Мы смотрели ей вслед и не сразу заметили, что за нею движутся какие-то тени. Они двигались с разных сторон, постепенно смыкаясь вокруг нее.

— Волки! — крикнул кто-то из нас, но никто не двинулся с места. Мы смотрели на нее, и сердца наши обливались кровью, потому что все мы ее любили. Все, кроме одного.

И вдруг он, этот один, сорвался с места и поскакал по степи. Он бежал так, как умел бежать только он — почти не касаясь земли, распластавши на ветру белую гриву.

Там он и погиб — рядом с нею, с той, которую не любил.

— Ты меня любишь?

— Нет. Все это глупости.

Не знаю, быть может, с тех пор нами овладел страх, и нас все чаще настигали пули и стрелы. Мы уже не летели над землей, а прижимались к ней, выбирая места пониже, чтобы не так бросаться в глаза. Но нас все равно находили и все равно убивали. А потом я остался один…

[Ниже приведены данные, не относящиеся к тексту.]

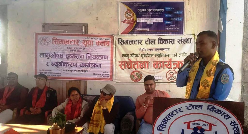 कार्यक्रममा बोल्दै जिल्ला प्रहरी कार्यालय मकवानपुरका प्रहरी निरिक्षक ओमप्रकाश पण्डितले १३ वर्षदेखि १९ वर्ष उमेरका युवाहरु लगुऔषधको कुलतमा फसेको बताए । युवाहरुलाई सुधार गर्न समुदाय र प्रहरीले मिलेर काम गर्न सकेमा मात्र सम्भव हुने बताए । प्रहरी निरिक्षक पण्डितले अभिभावकको माया नपाएर, साथीभाईको सिकोबाट, बढी भावनात्मक भएर, देखासिखी गर्दा, राम्रो शिक्षा नपाएर र धार्मिक अतिवाद जस्ता कारणहरुले युवाहरु क्ुलतमा फस्ने बताए ।
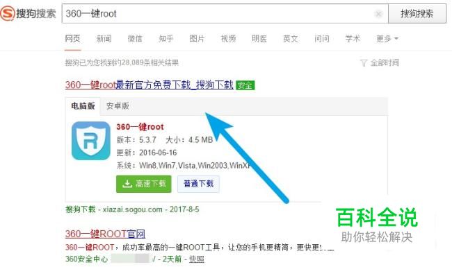 打开搜狗搜索,输入360一键root关键字。

Но я был, был тарпаном! Я не знал ни этой конюшни, ни этой телеги, я скакал между степью и солнцем, раскаляясь от зноя и бега и видя впереди только степь… И Белогрив — это вовсе не выдумка, и Рыжая Кобылица — не выдумка, и все мы, сколько нас было, не выдумка, не выдумка!

Все-таки когда-то я был тарпаном!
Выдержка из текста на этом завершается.